More formally: $f(n) = \left\{ \begin{array}{ll} n/2 & n \equiv 0\ (\textrm{mod}\ 2) \\ 3n + 1 & n \equiv 1\ (\textrm{mod}\ 2) \\ \end{array} \right.$

The sequence stops upon reaching 1. For instance, starting with $n = 12$, one gets the sequence 12, 6, 3, 10, 5, 16, 8, 4, 2, 1.

In [9]:
def collatz(number):
    sequence=[number]
    while number>1:
        if number%2==0:
            number=number//2
            sequence.append(number)
        else:
            number=3*number+1
            sequence.append(number)
    return sequence

number=int(input('Starting number of Collatz sequence: '))
print(collatz(number))
[123, 370, 185, 556, 278, 139, 418, 209, 628, 314, 157, 472, 236, 118, 59, 178, 89, 268, 134, 67, 202, 101, 304, 152, 76, 38, 19, 58, 29, 88, 44, 22, 11, 34, 17, 52, 26, 13, 40, 20, 10, 5, 16, 8, 4, 2, 1]

Task 9: Anagram

An anagram is a word or phrase formed by rearranging the letters of a different word or phrase. For example the words spear and pears are anagrams. Write a function, which decides whether two words are anagrams or not and returns a boolean value accordingly (True or False).

Hint: pay attention that a single letter may accour multiple times in a word.

In [11]:
def is_anagram(word1, word2):
    # If the size does not match, they cannot be anagrams
    if len(word1) != len(word2):
        return False

    # Check for each character in word1 whether it is also in word2
    for ch in word1:
        if not ch in word2:
            return False
    return True

a=input('First word: ')
b=input('Second word: ')
print('Are they anagrams? %s' % is_anagram(a, b))
Are they anagrams? True

Task 10: Circularly identical lists

A list is called circular if we consider the first element as next of the last element. Circularly identical lists contain the same elements in the same order, given that two lists that can be obtained from each other if one or more of the elements in one of the lists are rotated/displaced from their original index and placed at the beginning. E.g. the lists [10, 20, 30, 40, 50] and [40, 50, 10, 20, 30] are circularly identical, but not with [50, 40, 10, 20, 30].

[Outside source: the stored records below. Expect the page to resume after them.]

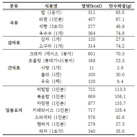 고탄수화물 식이에서 참고할 수 있는 식품 품목과 함량을 보면,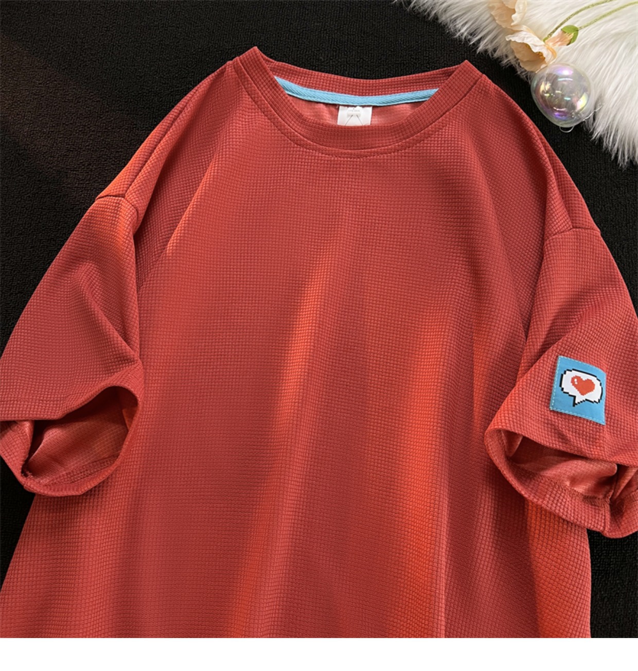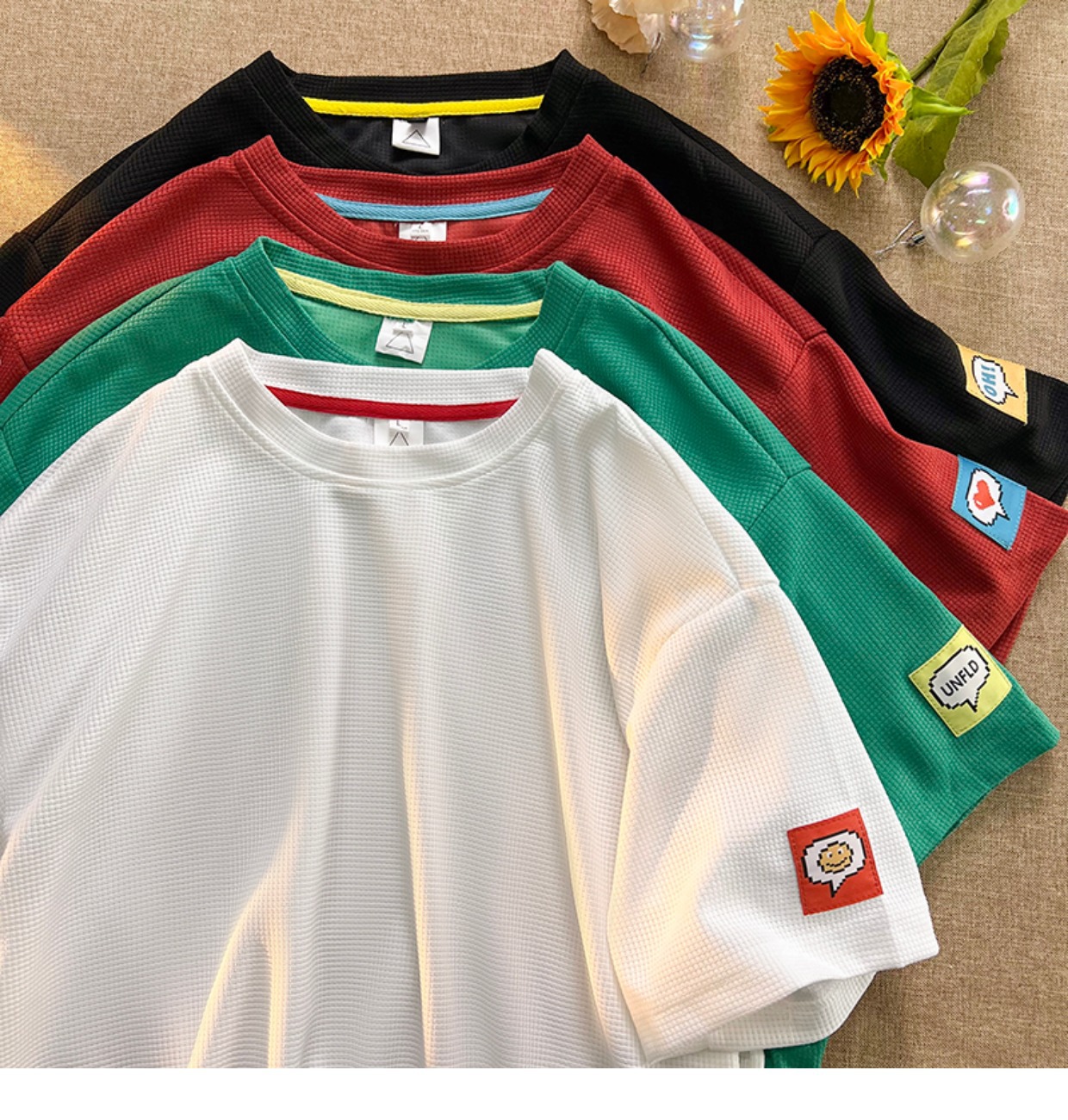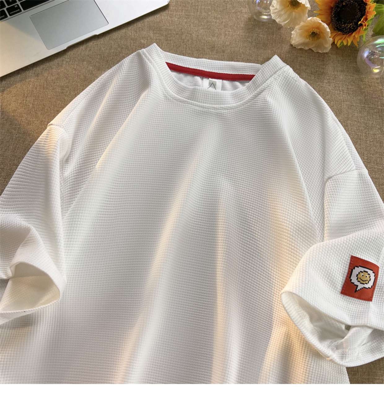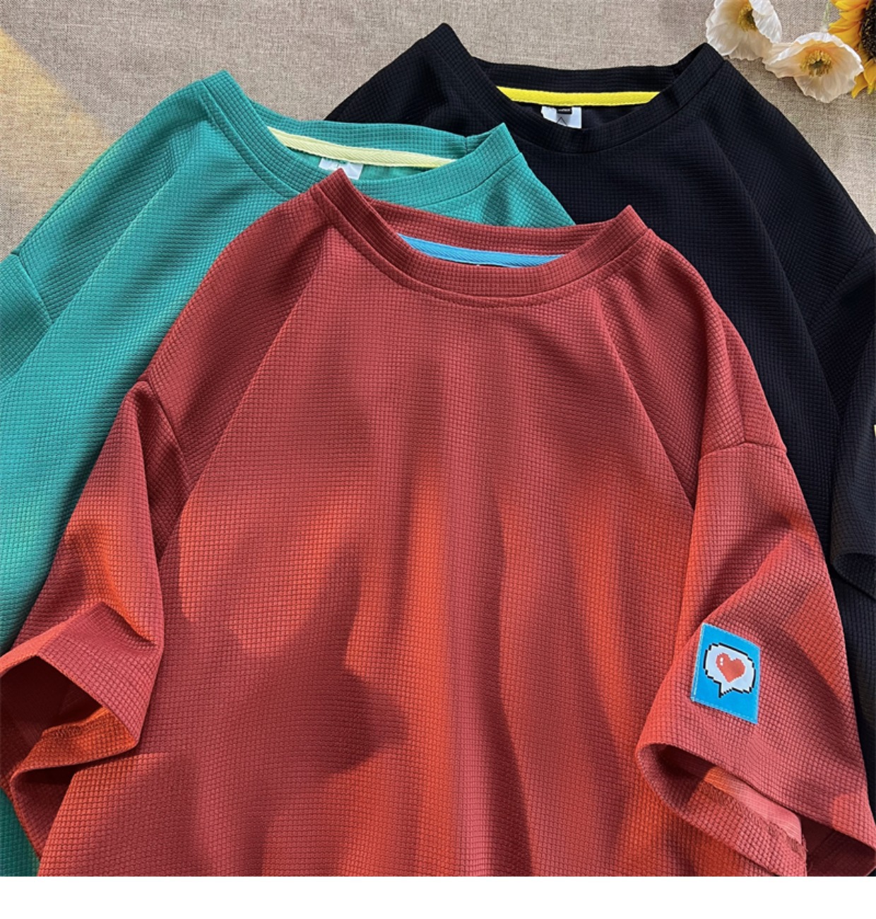 Waffle pesada manga corta verano de los hombres suelta cuello redondo Camiseta marca de moda etiquetado simple moda media manga pareja camiseta
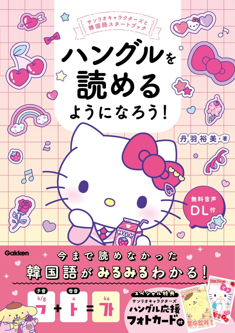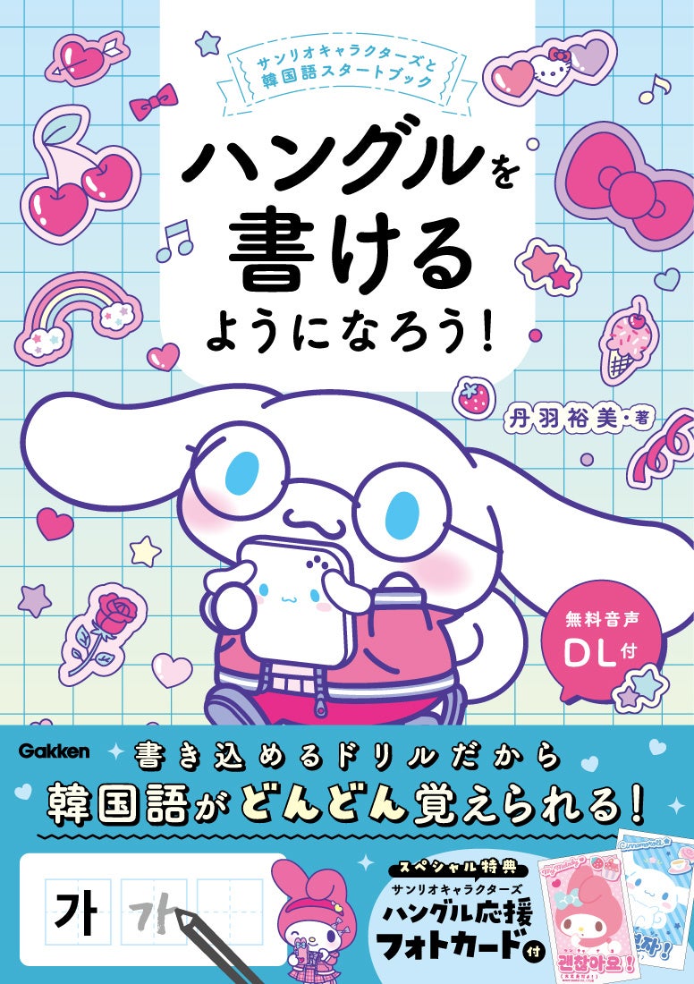 はじめての韓国語学習にぴったり! サンリオキャラクターズと楽しくハングルを学べるシリーズが新登場。わかりやすい解説やキャラクターのイラストで、ハングル文字や単語がみるみるわかる。6種類のカード付き。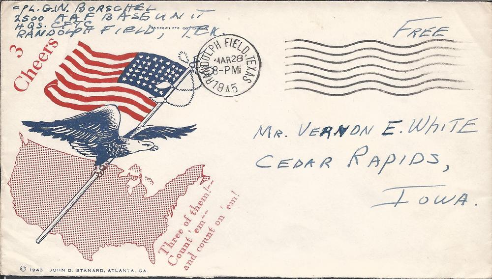 John D. Stanard, WWII Related, "3 Cheers", Eagle on Flag over Outline of US, "Three of them!/ Count 'em/ and Count on 'em!", EF
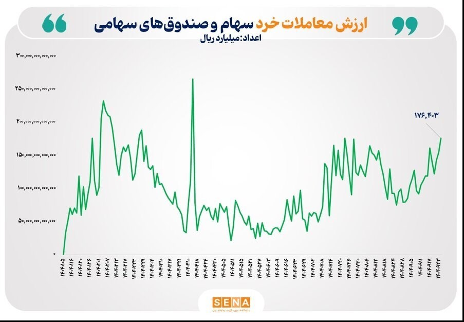 عصر بازار- بالاترین ارزش معاملات خرد سهام و صندوقهای سهامی امروز پس از جنگ ۱۲ روزه با ثبت رکوردی تازه از مرز ۱۷.۶ همت عبور کرد. پیشتر، ارزش این معاملات در ۲۱ مهر امسال ۱۷ هزار و ۶۳۹ میلیارد تومان بود.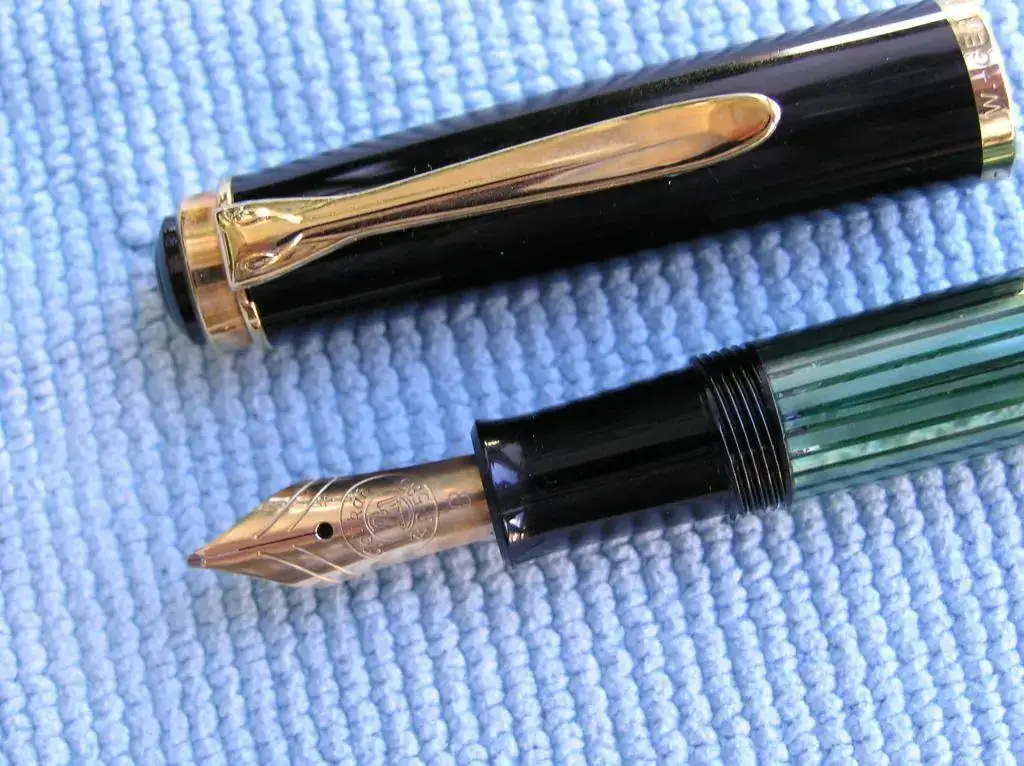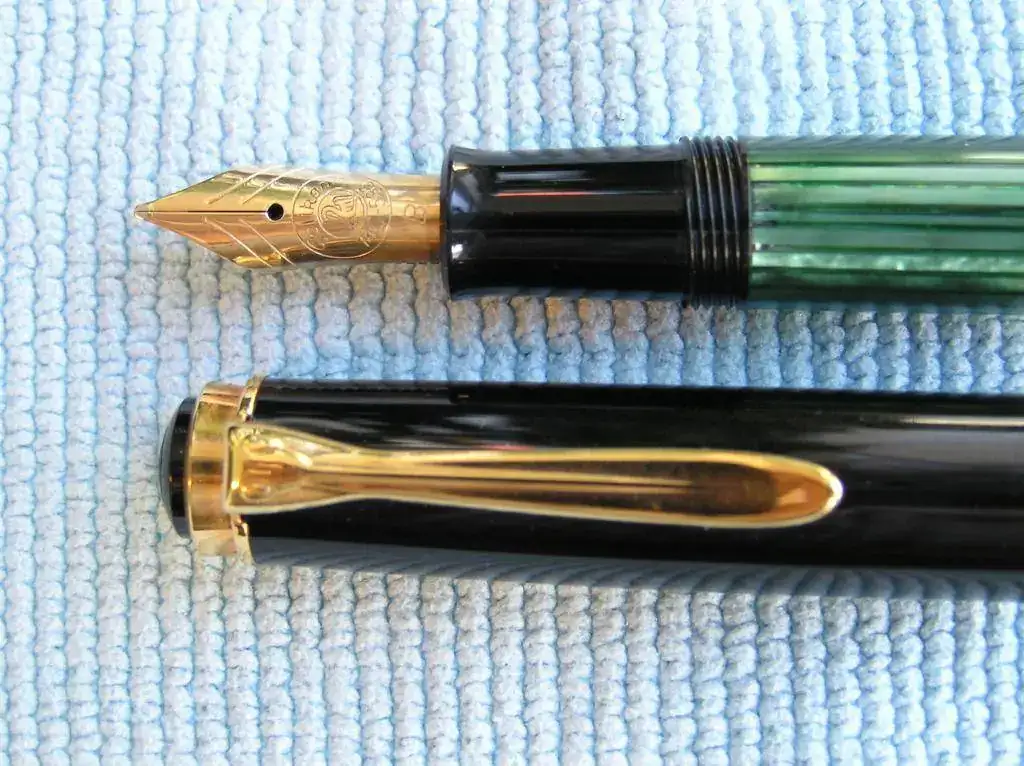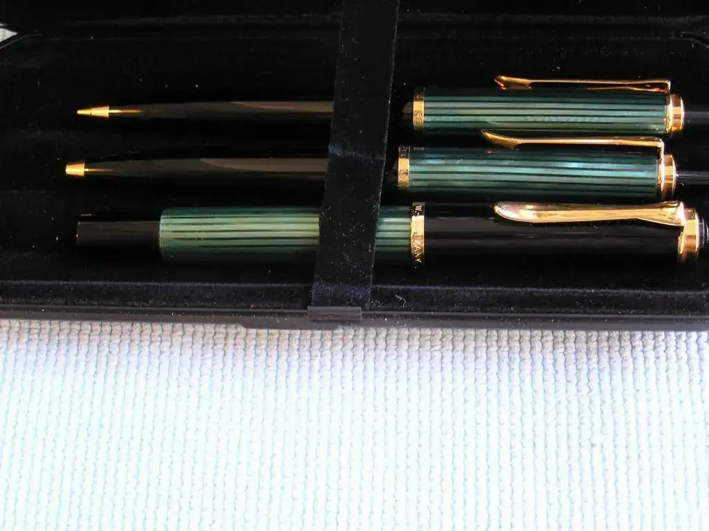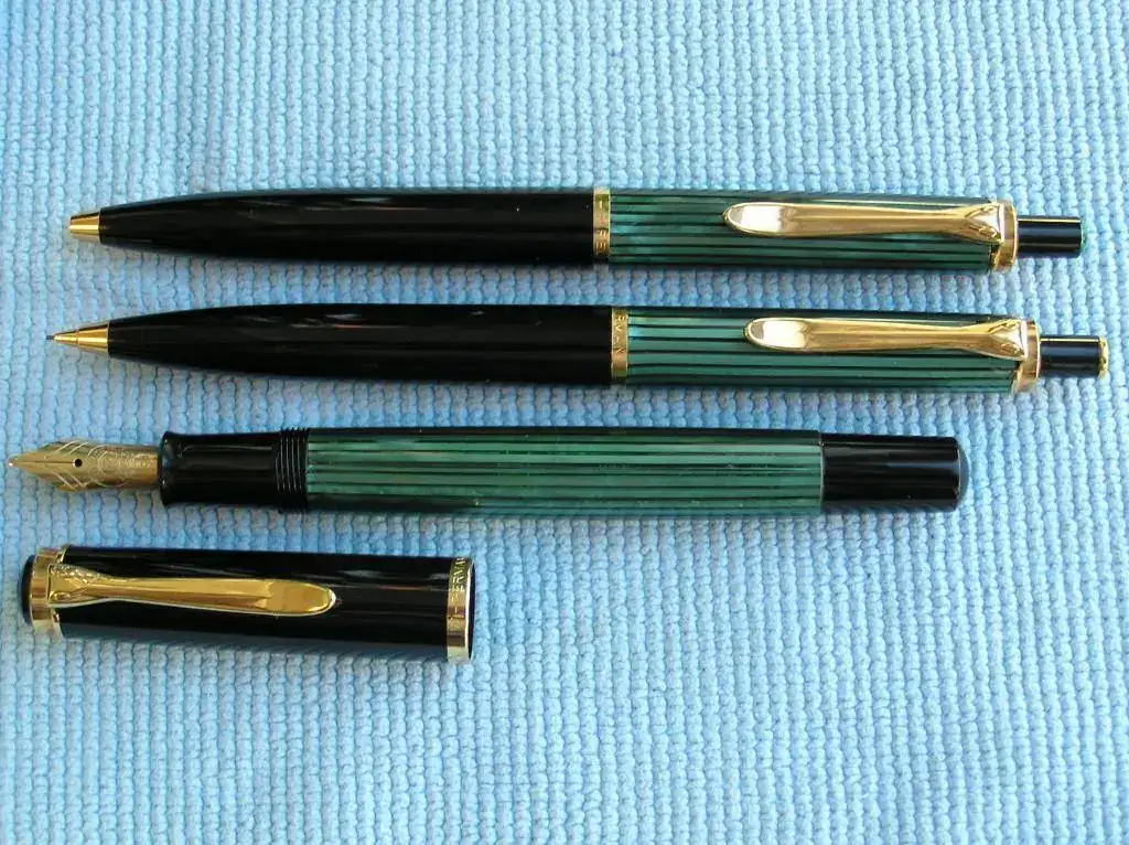 Vendo conjunto Pelikan 400 formado por Pluma estilográfica,bolígrafo y portaminas. El cuerpo de todas las piezas es de celuloide verde estriado combinado con negro. La pluma estilográfica mide unos 12,5 cm. con el capuchón enroscado y lleva un punto B (Broad).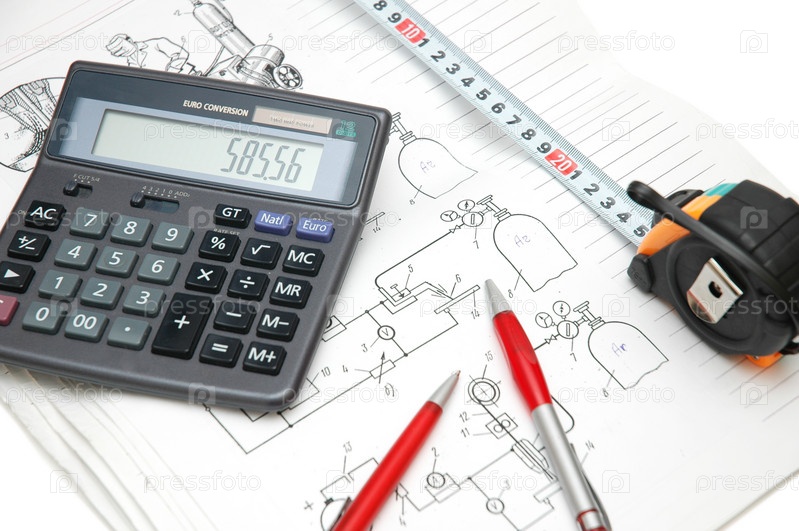 Конструкторские чертежи, калькулятор, ручки и измерительная лента

Write a function which decides whether the given 2 parameter lists are circularly identical or not and returns a boolean value accordingly (True or False).

In [18]:
def is_circularly_identical(listA, listB):
    listA2 = listA + listA
    for i in range(len(listA2)):
        if listA2[i] == listB[0]:
            n = 1
            while (n < len(listB)) and (i + n < len(listA2)) and (listA2[i+n] == listB[n]):
                n += 1                
                if n == len(listB):
                    return True
                    
    return False
    

list1 = [10, 20, 30, 40, 50]
list2 = [40, 50, 10, 20, 30]
list3 = [50, 40, 10, 20, 30]

print('list1 is circularly identical with list2: {0}'.format(is_circularly_identical(list1, list2)))
print('list1 is circularly identical with list3: {0}'.format(is_circularly_identical(list1, list3)))
print('list2 is circularly identical with list3: {0}'.format(is_circularly_identical(list2, list3)))
list1 is circularly identical with list2: True
list1 is circularly identical with list3: False
list2 is circularly identical with list3: False